**Assignment**. For each record, copy the text exactly and omit any picture it holds.

**Data shown**.
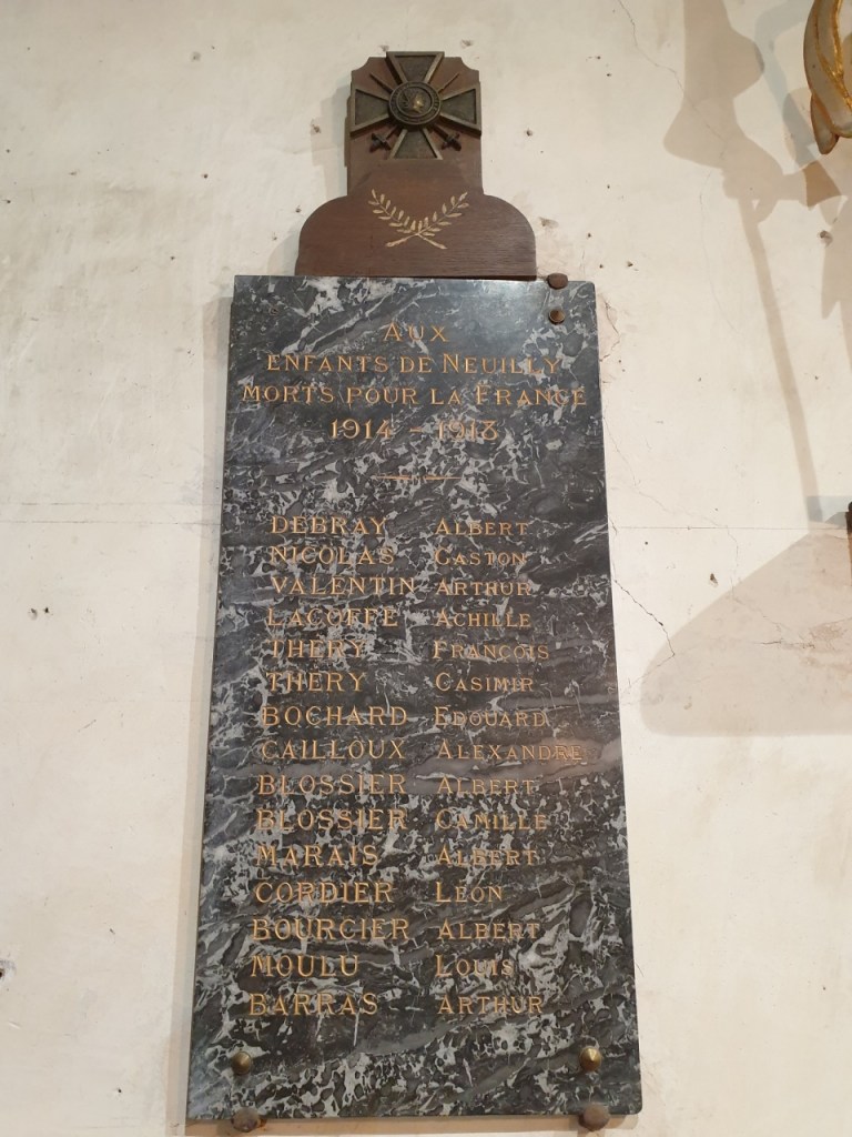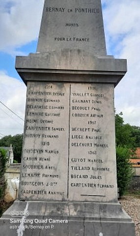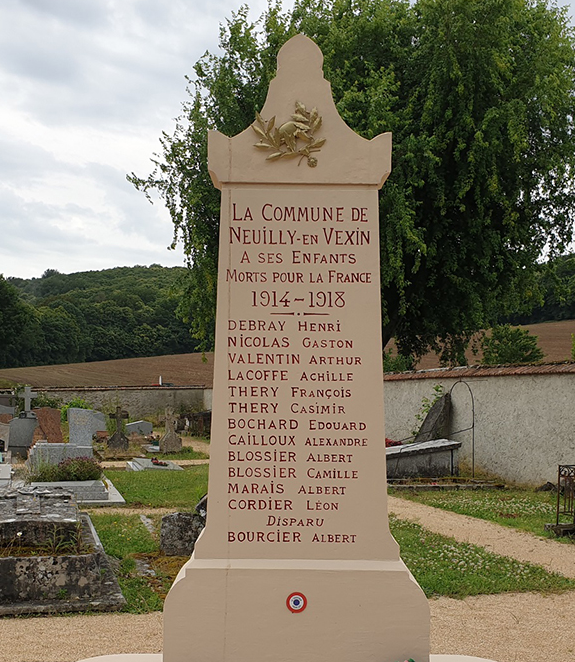 Le nom de CORDIER Arthur est gravé sur le monument aux morts de Bernay-en-Ponthieu, son village natal, ainsi que sur le monument et une plaque commémorative de l’Eglise Saint-Denis de Neuilly-en-Vexin, mais avec le prénom Léon.
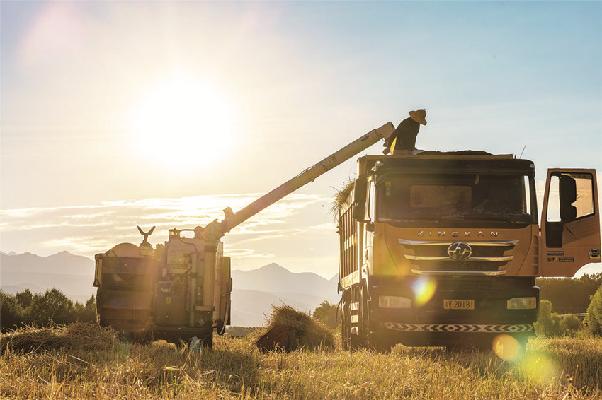 甘孜縣是我州的農(nóng)業(yè)大縣,也是全國(guó)青稞商品糧基地之一,素有“康北糧倉(cāng)”的美譽(yù)。日前,在甘孜縣仁果鄉(xiāng)青稞收割現(xiàn)場(chǎng),一望無垠的田地里麥浪滾滾、麥香四溢,一臺(tái)臺(tái)聯(lián)合收割機(jī)在金色的青稞地里來回馳騁,時(shí)不時(shí)停下來“吐出”金燦燦的青稞,農(nóng)戶們的臉上露出豐收的喜悅笑容。
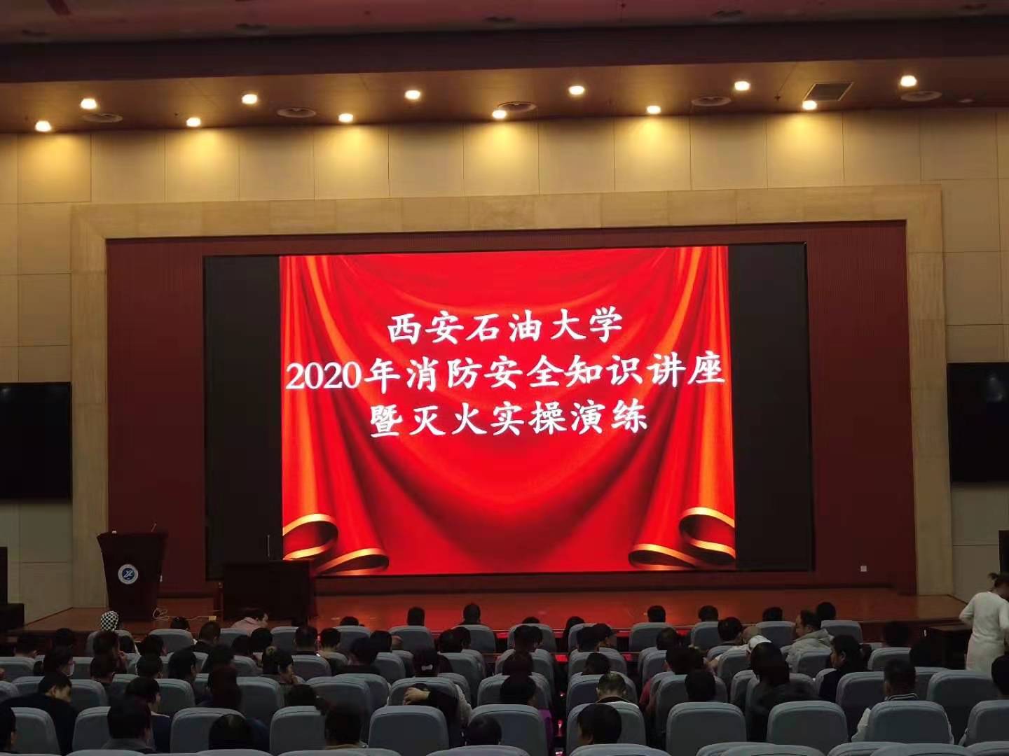 2020年“11.9”是全國第29個消防宣傳日,主題為:“關(guān)注消防,生命至上”。為了貫徹落實國家應(yīng)急管理部消防救援局、陜西省教育廳、西安石油大學(xué)關(guān)于維護消防安全的有關(guān)文件精神,提升全民消防安全素質(zhì)和社會抵御災(zāi)害能力,嚴(yán)格排查隱患,防控火災(zāi)事故。2020年11月9日下午,保衛(wèi)處聯(lián)合后勤管理處、資產(chǎn)經(jīng)營處在鄠邑校區(qū)舉行“西安石油大學(xué)2020年消防安全知識講座暨滅火實操演練”。
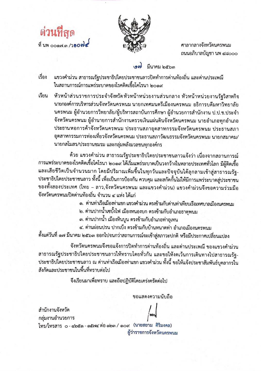 แขวงคำม่วน สาธารณรัฐประชาธิปไตยประชาชนลาวปิดทำการด่านท้องถิ่น และด่านประเพณี ในสถานการณ์การแพร่ระบาดของโรคติดเชื้อโคโรน่า 2019
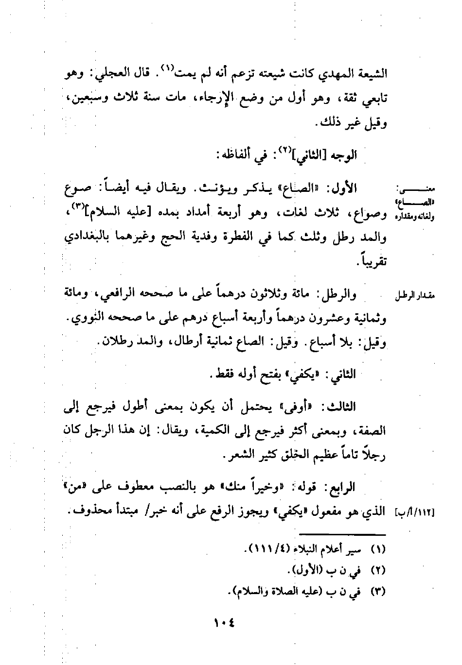 الأول: "الصاع" يذكر ويؤنث. ويقال فيه أيضًا: صوع وصواع، ثلاث لغات، وهو أربعة أمداد بمده [عليه السلام] (¬3)، والمد رطل وثلث كما في الفطرة وفدية الحج وغيرهما بالبغدادي تقريبًا.
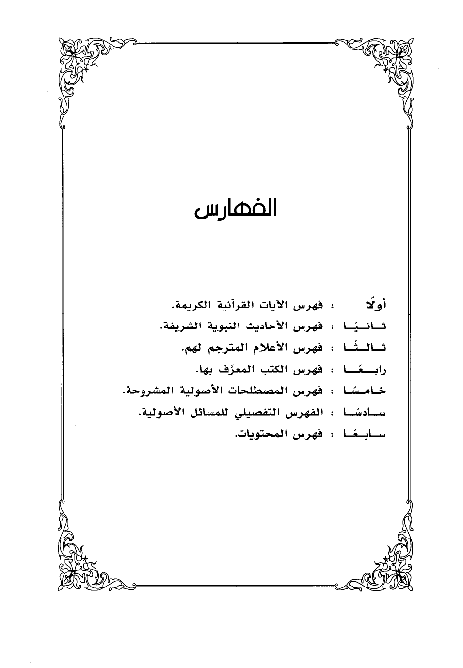 سادسًا: الفهرس التفصيلي للمسائل الأصولية.
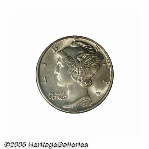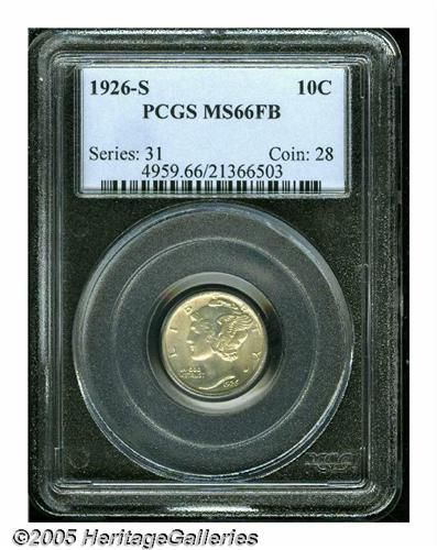 <B>1926-S<10C> MS66 Full Bands PCGS.</B></I> The 1926-S dime is one of the most sought-after rarities in the Mercury dime series in Gem condition and with full definition on the crossbands. Lange compares the 1926-S to the 1918-S, 1919-D, and 1919-S in upper grades. Of course, the low mintage of this issue also adds to its overall rarity and desirability as only 1.52 million pieces were struck, making the '26-S a scarce coin in AU55 and better grades. Impaired coins are also a problem for the collector who seeks a pleasing, problem-free example. This particular coin is notably free from any type of problems. The mint luster is thick and frosted while each side is evenly coated with golden toning. A stunning example of this absolute, condition, and strike rarity from the 1920s. Population: 15 in 66, 0 finer (6/05).

**Result of this exercise**.
 Le nom de CORDIER Arthur est gravé sur le monument aux morts de Bernay-en-Ponthieu, son village natal, ainsi que sur le monument et une plaque commémorative de l’Eglise Saint-Denis de Neuilly-en-Vexin, mais avec le prénom Léon.
 甘孜縣是我州的農(nóng)業(yè)大縣,也是全國(guó)青稞商品糧基地之一,素有“康北糧倉(cāng)”的美譽(yù)。日前,在甘孜縣仁果鄉(xiāng)青稞收割現(xiàn)場(chǎng),一望無垠的田地里麥浪滾滾、麥香四溢,一臺(tái)臺(tái)聯(lián)合收割機(jī)在金色的青稞地里來回馳騁,時(shí)不時(shí)停下來“吐出”金燦燦的青稞,農(nóng)戶們的臉上露出豐收的喜悅笑容。
 2020年“11.9”是全國第29個消防宣傳日,主題為:“關(guān)注消防,生命至上”。為了貫徹落實國家應(yīng)急管理部消防救援局、陜西省教育廳、西安石油大學(xué)關(guān)于維護消防安全的有關(guān)文件精神,提升全民消防安全素質(zhì)和社會抵御災(zāi)害能力,嚴(yán)格排查隱患,防控火災(zāi)事故。2020年11月9日下午,保衛(wèi)處聯(lián)合后勤管理處、資產(chǎn)經(jīng)營處在鄠邑校區(qū)舉行“西安石油大學(xué)2020年消防安全知識講座暨滅火實操演練”。
 แขวงคำม่วน สาธารณรัฐประชาธิปไตยประชาชนลาวปิดทำการด่านท้องถิ่น และด่านประเพณี ในสถานการณ์การแพร่ระบาดของโรคติดเชื้อโคโรน่า 2019
 الأول: "الصاع" يذكر ويؤنث. ويقال فيه أيضًا: صوع وصواع، ثلاث لغات، وهو أربعة أمداد بمده [عليه السلام] (¬3)، والمد رطل وثلث كما في الفطرة وفدية الحج وغيرهما بالبغدادي تقريبًا.
 سادسًا: الفهرس التفصيلي للمسائل الأصولية.
 <B>1926-S<10C> MS66 Full Bands PCGS.</B></I> The 1926-S dime is one of the most sought-after rarities in the Mercury dime series in Gem condition and with full definition on the crossbands. Lange compares the 1926-S to the 1918-S, 1919-D, and 1919-S in upper grades. Of course, the low mintage of this issue also adds to its overall rarity and desirability as only 1.52 million pieces were struck, making the '26-S a scarce coin in AU55 and better grades. Impaired coins are also a problem for the collector who seeks a pleasing, problem-free example. This particular coin is notably free from any type of problems. The mint luster is thick and frosted while each side is evenly coated with golden toning. A stunning example of this absolute, condition, and strike rarity from the 1920s. Population: 15 in 66, 0 finer (6/05).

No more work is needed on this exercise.